Le saviez-vous ? Un de nos paroissiens est engagé dans un groupe de clini-clowns. Malgré sa modestie habituelle, il ne peut s’empêcher de partager la joie que cela lui procure d’amener un rayon de soleil auprès des personnes isolées, malades ou handicapées. « Le rire que provoquent les clowns vise à libérer les patients, témoigne Yvonne Delevoye-Turrell*, chercheuse en neurosciences, à les aider à lâcher prise, sans jugement.
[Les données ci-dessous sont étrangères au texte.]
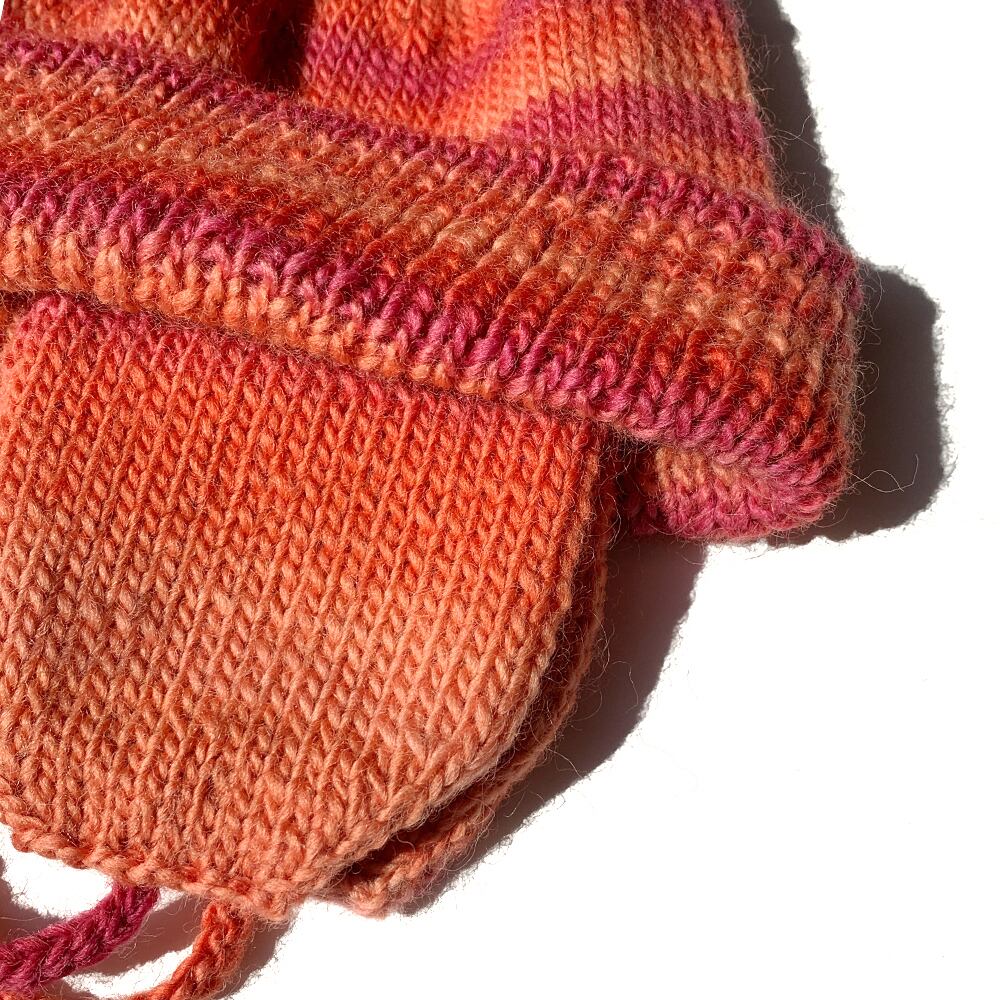 被り口のリブを長めに編んでいるので、±1㎝程度折り返し巾の調節が出来ます。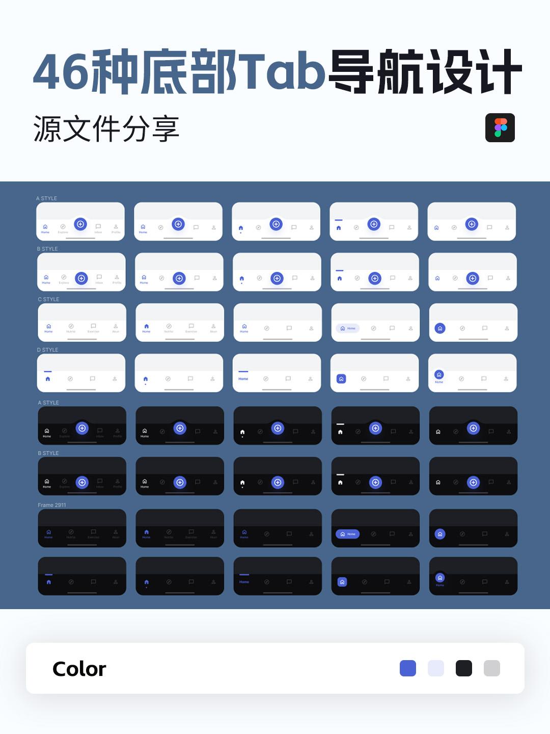 46种APP底部Tab导航栏设计Figma源文件素材

Certains y parviennent très vite, d’autres non… Sans se libérer, personne ne peut passer dans le côté positif des émotions. »

Vous me direz  : qu’est-ce qui lui prend de parler de rire alors que nous entamons notre carême ? Déjà les textes du Mercredi des cendres nous ont mis en garde : « Quand vous jeûnez, ne prenez pas un air abattu… toi, quand tu jeûnes, parfume-toi la tête et lave-toi le visage » dit Jésus (Mt 6.1-18). Souvenons-nous que, culturellement, à l’époque, les gens se parfument les cheveux avec du beurre lors des banquets. Se parfumer sans mettre l’accent sur la nourriture pointe que la rencontre de l’hôte, l’Autre, est l’essentiel. « Ton Père qui voit dans le secret te le rendra. »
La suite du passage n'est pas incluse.